Using the join result of tables t2 and t3, delete data from t1. The table to be deleted only supports the unique model.

-- Create tables t1, t2, t3
CREATE TABLE t1
(id INT, c1 BIGINT, c2 STRING, c3 DOUBLE, c4 DATE)
UNIQUE KEY (id)
DISTRIBUTED BY HASH (id)
PROPERTIES('replication_num'='1', "function_column.sequence_col" = "c4");

CREATE TABLE t2
(id INT, c1 BIGINT, c2 STRING, c3 DOUBLE, c4 DATE)
DISTRIBUTED BY HASH (id)
PROPERTIES('replication_num'='1');

CREATE TABLE t3
(id INT)
DISTRIBUTED BY HASH (id)
PROPERTIES('replication_num'='1');

-- Insert data
INSERT INTO t1 VALUES
(1, 1, '1', 1.0, '2000-01-01'),
(2, 2, '2', 2.0, '2000-01-02'),
(3, 3, '3', 3.0, '2000-01-03');

INSERT INTO t2 VALUES
(1, 10, '10', 10.0, '2000-01-10'),
(2, 20, '20', 20.0, '2000-01-20'),
(3, 30, '30', 30.0, '2000-01-30'),
(4, 4, '4', 4.0, '2000-01-04'),
(5, 5, '5', 5.0, '2000-01-05');

INSERT INTO t3 VALUES
(1),
(4),
(5);

-- Delete data from t1
DELETE FROM t1
USING t2 INNER JOIN t3 ON t2.id = t3.id
WHERE t1.id = t2.id;

The expected result is to delete the row in table t1 where id is 1.

+----+----+----+--------+------------+
| id | c1 | c2 | c3 | c4 |
+----+----+----+--------+------------+
| 2 | 2 | 2 | 2.0 | 2000-01-02 |
| 3 | 3 | 3 | 3.0 | 2000-01-03 |
+----+----+----+--------+------------+

Timeout Configuration

  • insert_timeout: Since the delete operation is an SQL command and is considered a special load, the delete statement is affected by the insert_timeout value in the Session. You can increase the timeout by SET insert_timeout = xxx, where the unit is seconds.
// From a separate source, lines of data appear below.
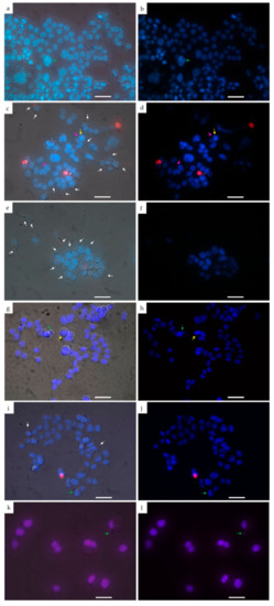The morphological examination of HCT116 cells treated with studied compounds was conducted by using double staining of chromatin with Hoechst 33342 (blue fluorescence) and Propidium iodide (red fluorescence). The MI-1 compound and MI-1/M5 complex triggered changes in shape of treated cells and their membrane blebbing (marked with white arrows) (Figure 10c–f). Besides, the MI-1 caused chromatin condensation (marked with yellow arrows) and micronuclei formation (marked with pink arrows) (Figure 10c,d). The condensed chromatin and membrane blebbing are typical proapoptotic changes revealed in cells induced to apoptosis [58]. The M5 polymer (Figure 10g,h) and DMSO (Figure 10i,j) did not cause pronounced morphological changes in the treated HCT116 cells.
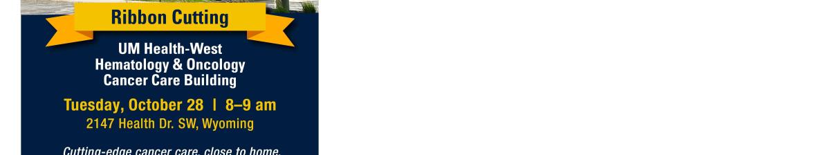 You are invited to join us for a ribbon cutting ceremony celebrating the opening of the UM Health-West Hematology & Oncology Cancer Care building.
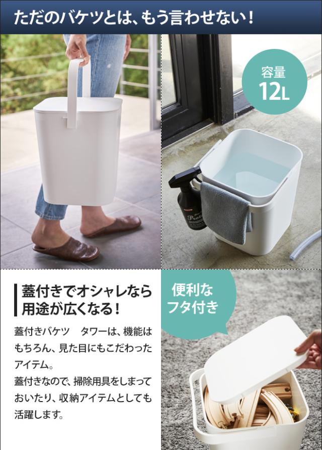 山崎実業 バケツ 蓋 蓋付きバケツ 収納ボックス おもちゃ箱 サニタリーボックス ゴミ箱 ダストボックス 収納ケース おもちゃ入れ フタ付バケツ バケット おむつ入れ 四角 角型 持ち手 取っ手 蓋つき キッチン サニタリー 台所 トイレ リビング 収納 yamazaki タワーシリーズ 黒 ブラック 白 ホワイト tower タワー フタ付きバケツ 4208 4209 4903208042086 4903208042093 雑貨 フタ付き 生理用品 おもちゃ ストレージ かご タオル掛け シンプル モダン 日本製 ふた付 持ち運び 12L 洗車 掃除 洗濯 用品 雑巾

IN Predicate Configuration

  • max_allowed_in_element_num_of_delete: If the user needs to use a large number of elements in the in predicate, this item can be adjusted to increase the allowed element limit. The default value is 1024.

View History​

Users can view the history of completed delete records using the SHOW DELETE statement.

The syntax is as follows:

SHOW DELETE [FROM db_name]

Example:

mysql> show delete from test_db;
+-----------+---------------+---------------------+-----------------+----------+
| TableName | PartitionName | CreateTime | DeleteCondition | State |
+-----------+---------------+---------------------+-----------------+----------+
| empty_tbl | p3 | 2020-04-15 23:09:35 | k1 EQ "1" | FINISHED |
| test_tbl | p4 | 2020-04-15 23:09:53 | k1 GT "80" | FINISHED |
+-----------+---------------+---------------------+-----------------+----------+
2 rows in set (0.00 sec)

Performance Recommendations​

  1. On detail tables (Duplicate Key) and aggregate tables (Aggregate Key), the delete operation executes quickly, but a large number of delete operations in a short period will affect query performance.

  2. On primary key tables (Unique Key), the delete operation is converted into an INSERT INTO statement. When deleting a large range, the execution speed is slow, but a large number of delete operations in a short period will not significantly affect query performance.

Syntax​

For detailed delete syntax, refer to the DELETE syntax manual.